90+% of shareholders agree, deal will receive green light

May 26, 2016 13:12 GMT  ·  By

Opera Software shareholders approved yesterday the sale of all shares to a consortium of Chinese companies that offered to buy the browser maker for $1.2 billion.

The Chinese consortium submitted an official offer last February, but before documents could be signed and the operation finalized, the company's shareholders had to approve the sale with a majority of 90 percent.

In a press release made available yesterday to Norwegian media, the company announced that 90.6 percent of the outstanding share capital and 90.9 percent of the shareholder votes agreed to the proposal received from the Chinese group.

  The preliminary result, which is subject to confirmation and may be adjusted, is that the Offeror has received acceptances of the Offer for in total  132,911,316 shares in the Company representing approximately 90.6% of the outstanding share capital and 90.9% of the votes in the Company. The final result will be published as soon as it is available.  

It took four years for Opera to find a new owner

Rumors of Opera's sale first started appearing in 2012, when most market analysts expected Facebook to make a move and enter the browser market to compete with the rest of the major US tech giants like Google, Microsoft, and Apple.

The rumors never materialized, but Opera's up-for-sale sign was never taken down, and the company kept leaving hints it was listening to offers. The Chinese buyers were the only ones who submitted an official offer.

Between the 2012 rumors of a Facebook sale and the Chinese buyout, Opera switched from its proprietary rendering engine to Google's Chromium core and even lost one of its founding members, who went on to create his separate browser called Vivaldi.
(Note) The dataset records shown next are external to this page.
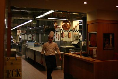 Podnik byl zaplněný řadami malinkatých stolečků s upovídanými strávníky a svítilo se tam dvojicí umělohmotných červených lustrů. Prostíralo se jednorázovým papírovým ubrusem a naši objednávku nám psala slečna rovnou na účet, který zůstával na našem stole (na konci se platí u pokladny). Kuchyně byla hned vedle jídelny a tak jsme mohli skrz dvě výdejní okýnka sledovat kuchaře, jestli se nedloubou v nose! ,)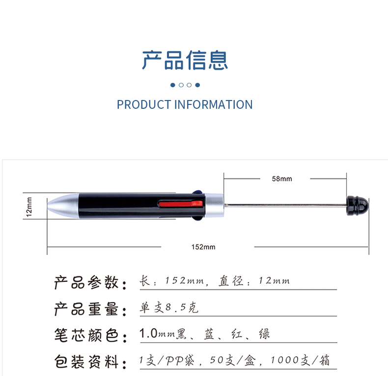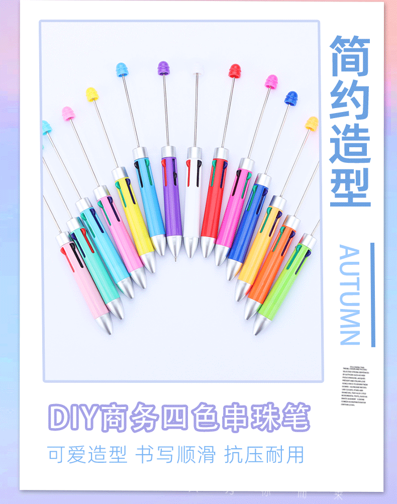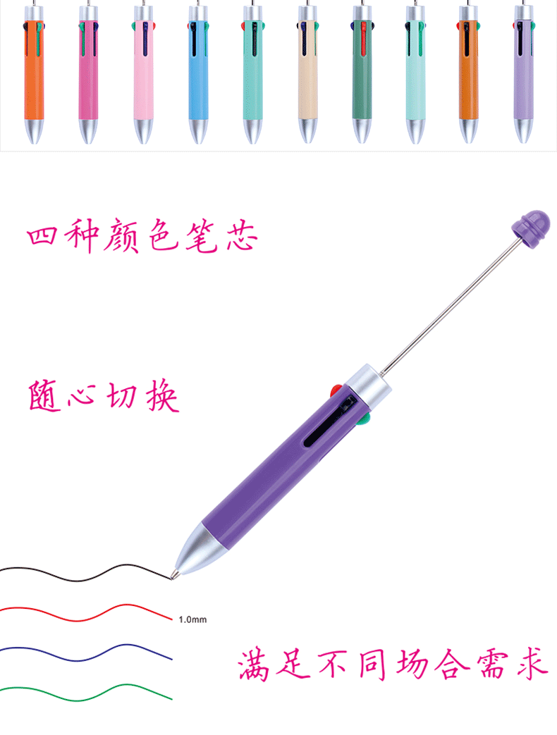 商务四色串珠笔 创意DIY多色手工圆珠笔迷你多色商务串珠笔可LOGO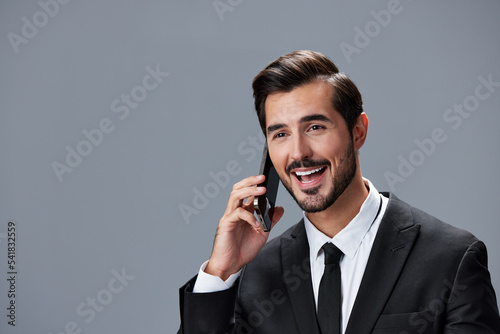 Portrait of business man with phone conversation and smile with teeth on gray background in business suit. Business portrait of a stylish man copy space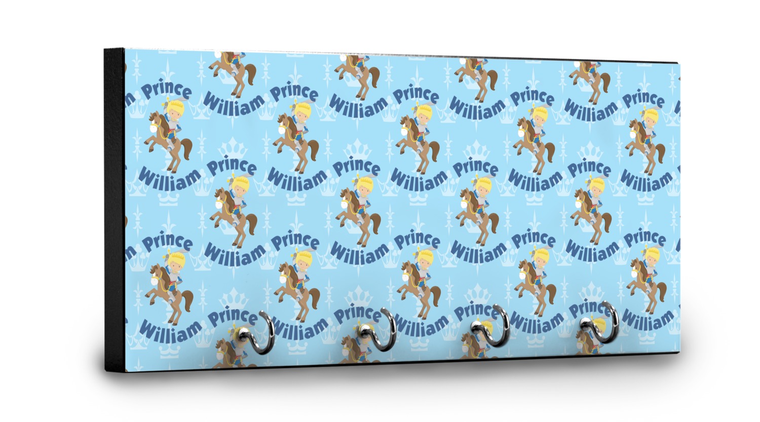This is the perfect custom / personalized prince design for any young boy. We have created a layered pattern, where the first background is a simple tone on tone crowns pattern. We then layered it with our curved custom text and graphic, where we used "Prince" and "William" as the text and we used a graphic of a prince on horse.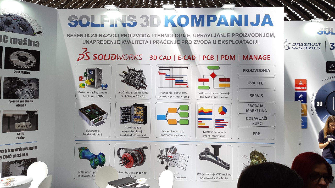 Solfins je na 63. Sajmu tehnike, u Beogradu, od 21. do 24. maja 2019. godine, predstavio najpopularnija softverska rešenja u srpskim firmama iz oblasti razvoja i proizvodnje, novine u softverima, 3D štampu i 3D skeniranje...
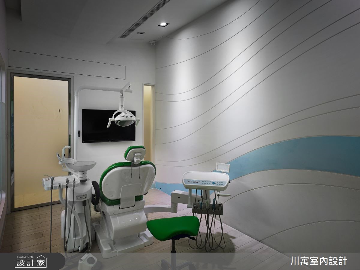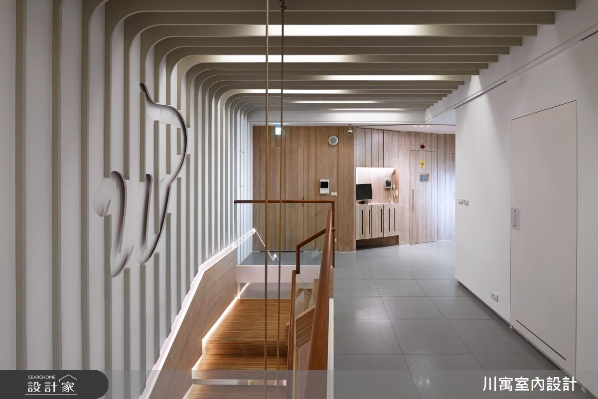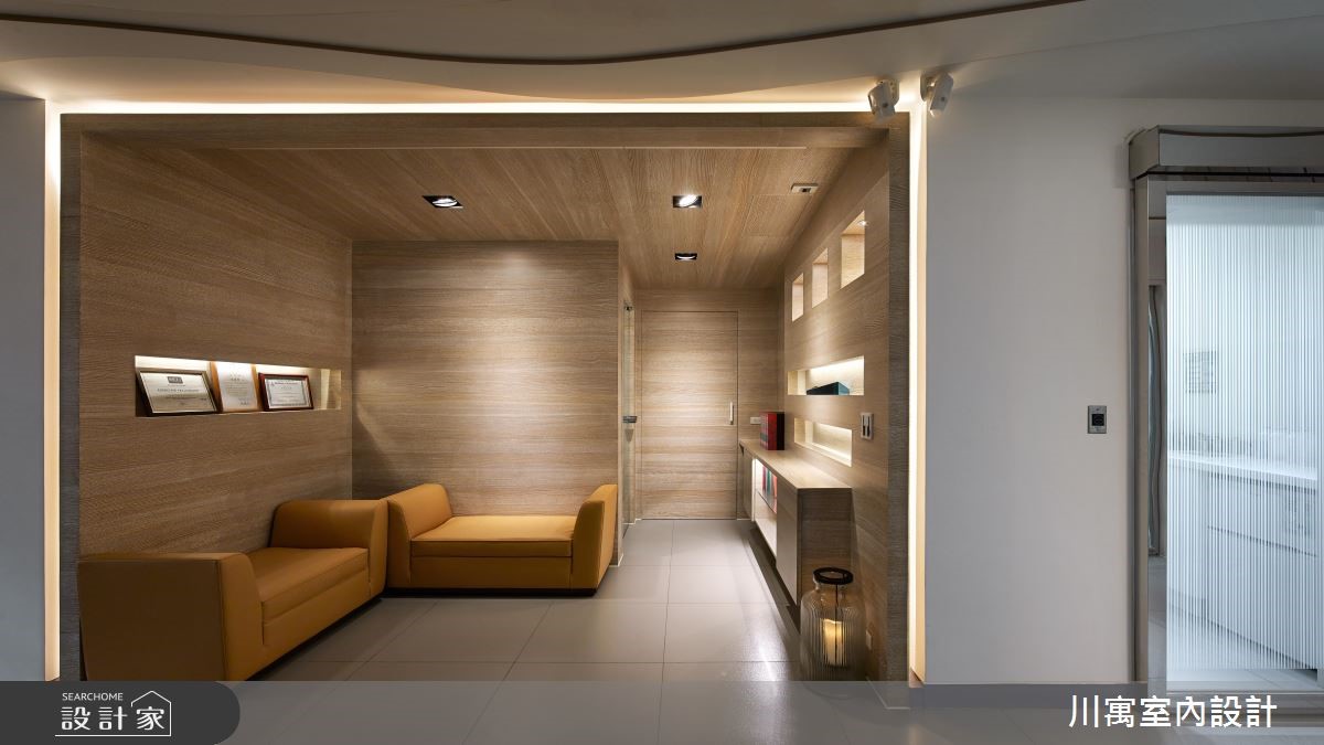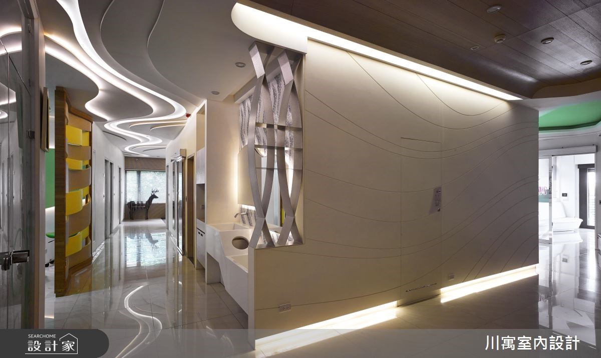 藉由现代感的设计风格,营造纾压的看牙环境,扭转牙医诊所带给人的恐惧感受。并以间接光源酝酿安心的空间氛围,加上柔和色系的搭配,随着流线型线条游走一室,透过细腻的设计手法,让你我体会被呵护的贴心感受。【线条意象,串联动线与空间】进入诊所,沿着白色壁面的波浪状沟缝前进,在壁面中央设计一道化妆室的隐藏门,推开后狂野的斑马纹意象映入眼帘,时尚的线条呈现,让人忘却在牙医诊所里;洗手台则设计于廊道侧边,马赛克砖结合流线型的镜面,展现新颖的风格。顺着温润的木纹阶梯来到二楼,立体造型壁面向上延伸至天花板,廊道上流线型的天花板造型持续蔓延,导引着人们走进各个领域,大量的木纹材质铺陈壁面、柜体与休息区,诠释温暖舒适的空间氛围,让人能够更自在、放松地看牙。

Opera's future ownership doesn't instill trust

Opera's soon-to-be owner is an investment fund officially named "Golden Brick Silk Road (Shenzhen) Equity Investment Fund II LLP." The fund is backed by three major Chinese companies that include Qihoo 360, who also publishes its own browser named 360 Secure Browser, gaming firm Kunlun, and investment firm Yonglian.

During the past year, researchers from Citizen Lab have been investigating and revealing major security and privacy issues with most of the Chinese browsers, such as UC Browser, Baidu Browser, and QQ Browser.
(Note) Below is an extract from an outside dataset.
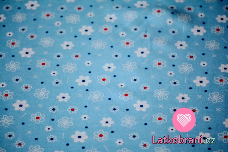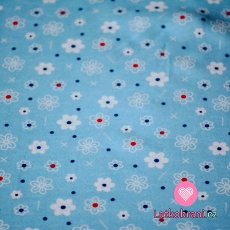 Jednolícní úplet kvietky na nebesky modrej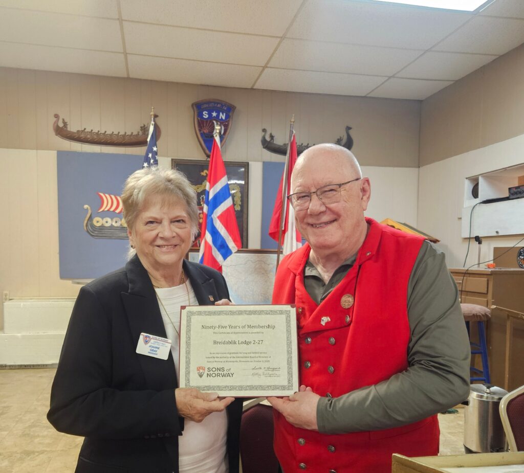 District 2 President Joanne Gray, presents certificate to Breidablik Lodge President Elmer Kurtii

Immediately after the news broke about Opera's intentions to sell to Chinese firms, a large number of users have criticized the move, fearing their beloved browser would face similar security and privacy intrusions as the aforementioned Chinese browsers.

Opera was quick to answer their criticism by promising to remain the same, but promises don't value much when the people who make them don't own the company anymore.